NETTALI.COM – Cette semaine, l’on a beaucoup épilogué sur la notion de flagrant délit, dans la foulée de la convocation avortée du député Ousmane Sonko par la Section de recherches. Mais est-on vraiment dans le cas d’un flagrant délit ? 

Attendu lundi passé à la Section de recherches de Colobane, pour une audition sur l’affaire supposée de viols répétés, le député Ousmane Sonko n’a pas déféré à la convocation des gendarmes. Il a, lors d’un point de presse donné la veille, exigé comme condition, la levée de son immunité parlementaire avant de déférer.

Toutefois, des hommes de l’art avancent que ladite immunité ne couvre pas le flagrant délit. C’est le cas de Me El hadj Diouf, qui était invité hier, mardi 9 février, à l’émission « Balance » sur Walf Tv. « Il faut aller en plénière pour lever l’immunité parlementaire d’un député en session. Quand il est hors session, il faut convoquer le bureau. Mais, il est précisé sauf en cas de flagrant délit. En droit, le flagrant délit ou délit flagrant est une situation dans laquelle une infraction est en train d’être commise, ou vient d’être commise, mais poursuivie par la clameur publique », déclare un El hadj Diouf qui mentionne que sa spécialisation est le Droit privé judicaire.

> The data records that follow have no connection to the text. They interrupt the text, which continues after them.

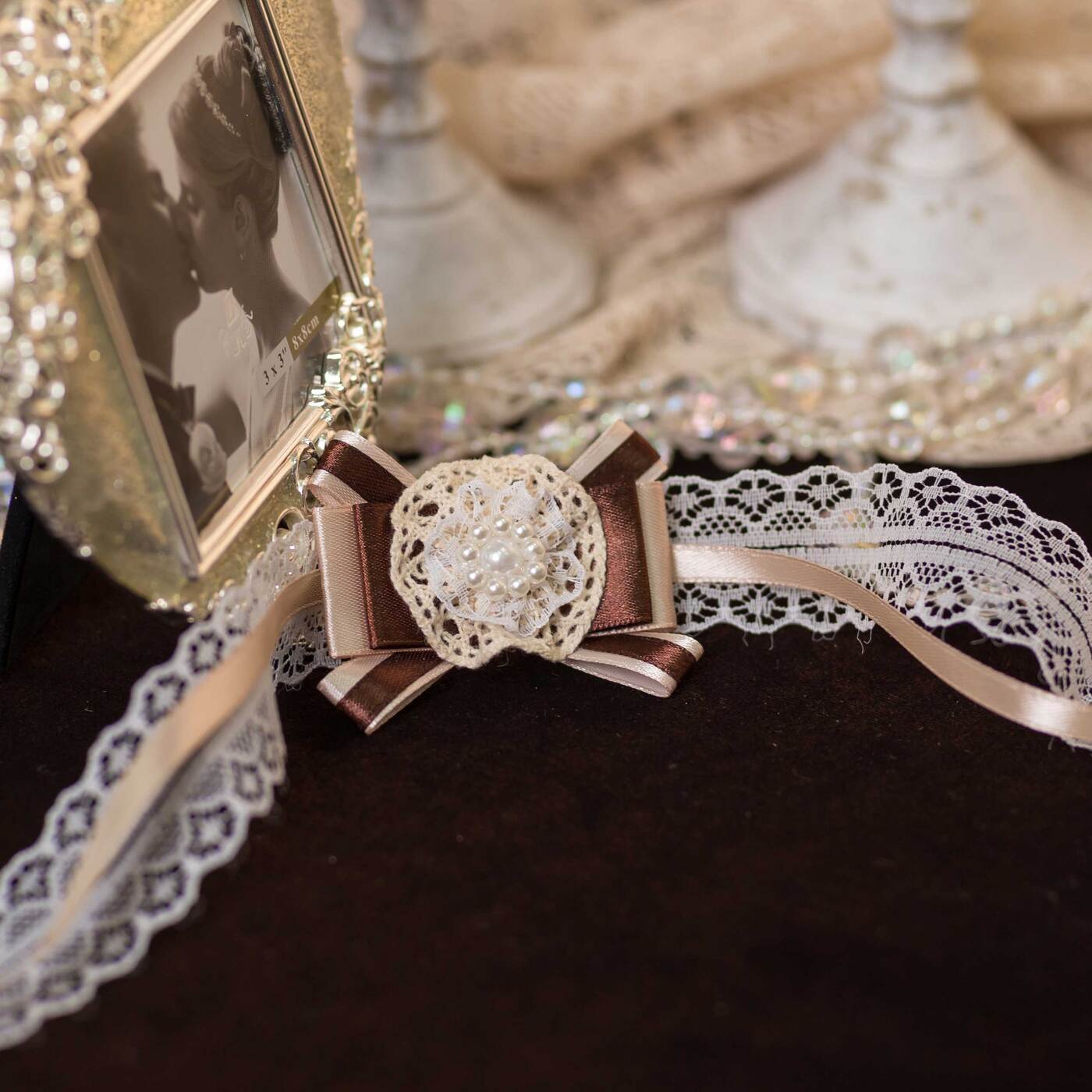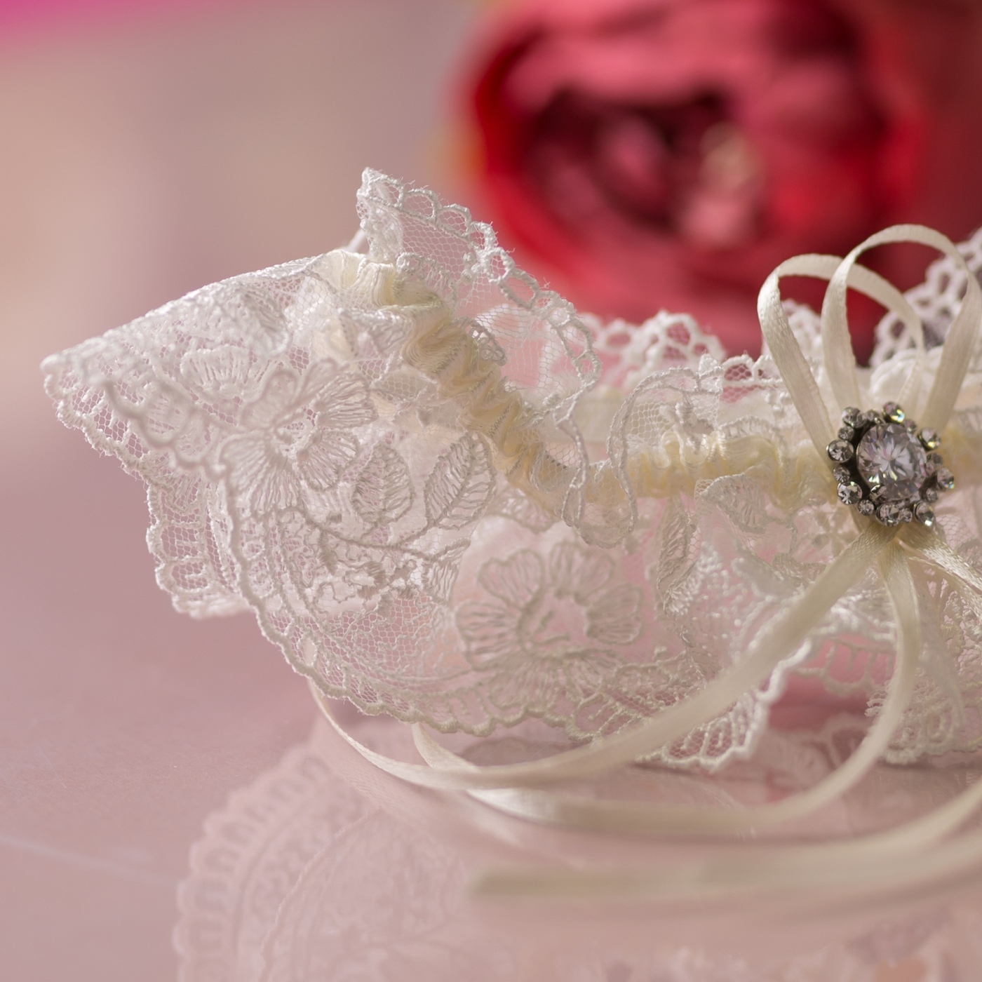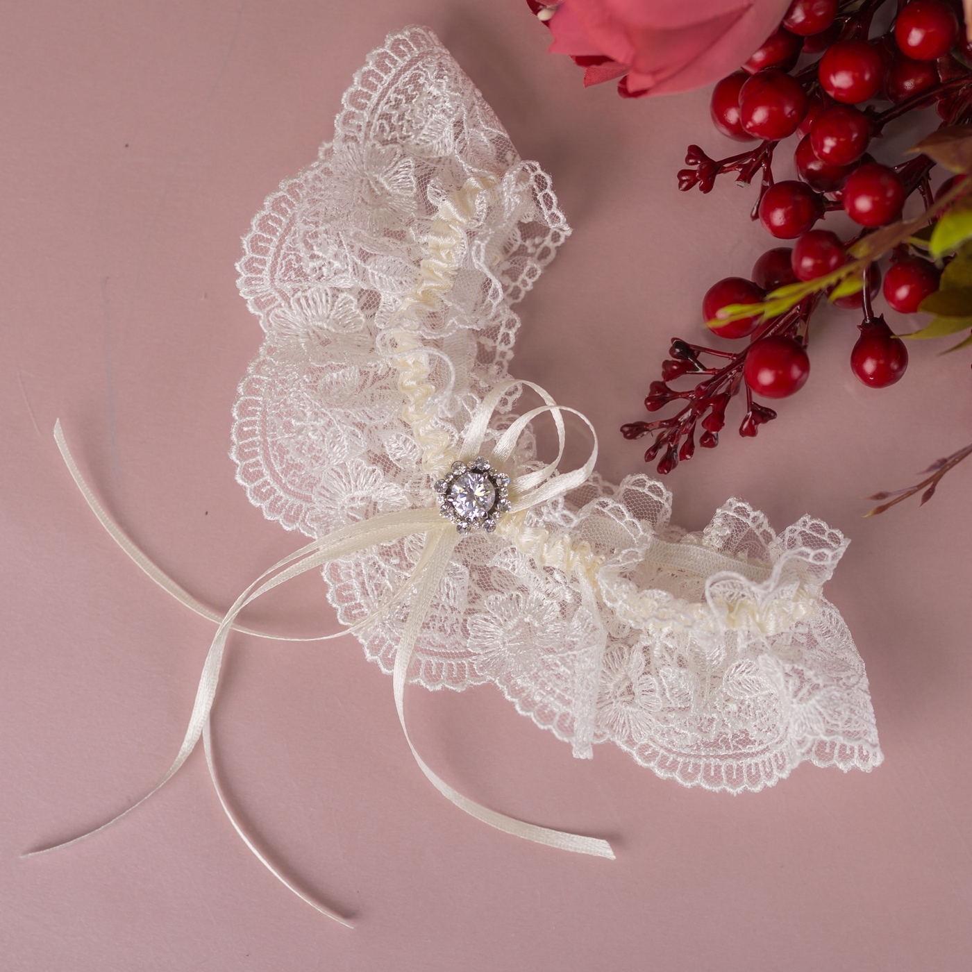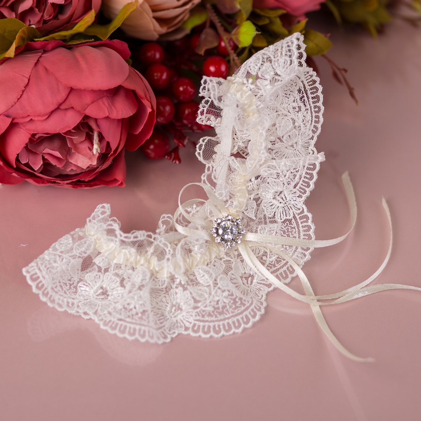 Широкая свадебная подвязка невесты "Аврора" из красного шелка с белой тесьмой, с кружевом с цветочными узорами и бисером
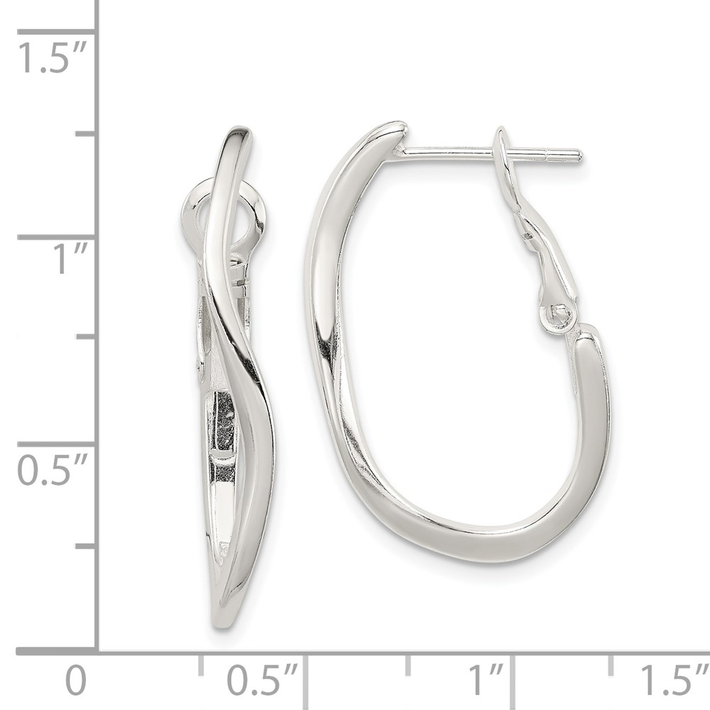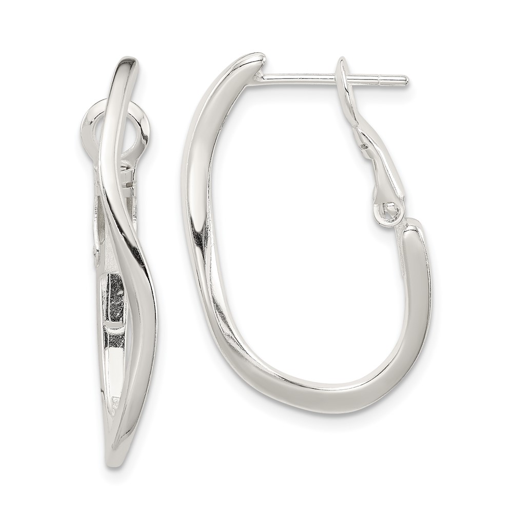 Sterling Silver Polished Wavy Omega Back Oval Hoop Earrings
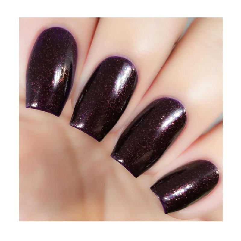 - Deep shade of eggplant plum with fine diamond dust for a subtle shimmer effect
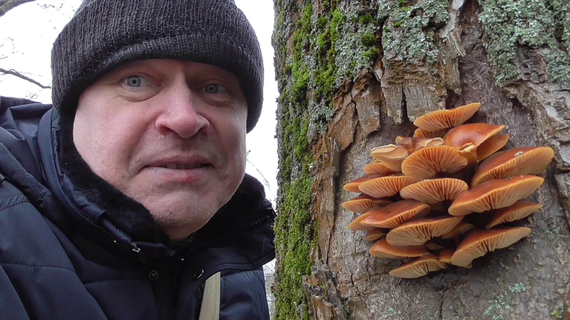 Грибы зимние опята на дереве

De l’avis de l’avocat, il  y a, dans la plainte déposée par la présumée victime, « des indices concordants », de nature à établir le flagrant délit. Il cite : « La fille a déclaré qu’on l’a trouvée à son lieu de travail, on était ensemble la nuit, c’était à l’heure du couvre-feu, il a couché avec moi, voici le sperme, son nom, la personne est identifiée, on ne peut pas parler de X. Il a été géolocalisé ».

Le Major Kandji (gendarme à la retraite), au cours de l’émission, précise que l’on parle de flagrant délit lorsque la personne est trouvée au moment de l’ infraction ou immédiatement après en possession d’indices laissant supposer sa participation à cette infraction.

Cependant, un juriste que “Nettali.com” a interrogé et qui a préféré gardé l’anonymat, souligne que les gens ont beau épiloguer sur cette affaire, mais cela n’en fait pas pour autant un flagrant délit. A l’en croire, on parle de « clameur publique » quand la personne est poursuivie par une foule après la commission de l’infraction. Il cite l’exemple de l’agresseur traqué par la foule après qu’il a arraché le portable d’une dame. « Y a même pas de doute possible, avant même le déclenchement de l’enquête », déclare-t-il.

A la question de savoir si le commandant Mbengue de la Section de recherches peut convoquer Ousmane Sonko, tenant compte des dispositions sur l’immunité parlementaire, Me El Hadj Diouf rappelle que l’immunité parlementaire de Seydina Fall Bougazelli n’a pas été levée, parce que c’était un cas de flagrant délit. « J’étais son avocat. On a dit qu’il fait partie du pouvoir, pourtant il jouissait de la présomption d’innocence. Le lion de Guediawaye, c’est Seydina Fall Bougazelli, il pouvait demander à ses militants de se révolter comme l’a fait Sonko », dit-il.

« L’affaire Bougazelli est différente parce que ce dernier a été trouvé en possession de faux billets, ce qu’il n’a pas nié. Il a été pris la main dans le sac et il a même tenté de corrompre les gendarmes », oppose notre juriste.

Toutefois, de nos recoupements, il nous est revenu que la notion de « flagrant délit est peu explicite », à la lumière de la législation sénégalaise. A cet égard, le procureur de la République, maitre des poursuites aux pouvoirs étendus et qui a l’opportunité des poursuites, peut juger utile de renvoyer au Tribunal des flagrants délits, une affaire d’escroquerie dont l’éclatement date de plusieurs jours.

Toutes choses qui font que le débat autour de la levée de l’immunité parlementaire  du député Ousmane Sonko est clos. L’Assemblée nationale a finalement été officiellement saisie. Moustapha Niasse a convoqué les députés ce jeudi.

Ainsi, le bureau de l’Assemblée, selon la procédure, va d’abord juger de la recevabilité de ladite requête. Le cas échéant, la conférence des présidents va définir le calendrier d’examen des affaires en instance et la commission des Lois, qui est compétente en la matière, se chargera de la mise en place d’une commission ad hoc chargée d’examiner la requête du ministre de la Justice et de proposer la voie à suivre : classement sans suite de la requête ou convocation de la plénière pour voter la levée ou non.

Toujours est-il que, avec la manière dont l’Assemblée fonctionne depuis, avec la mouvance présidentielle qui détient une majorité confortable à l’hémicycle, gageons que la demande de levée de l’immunité parlementaire d’Ousmane Sonko passera comme lettre à la poste.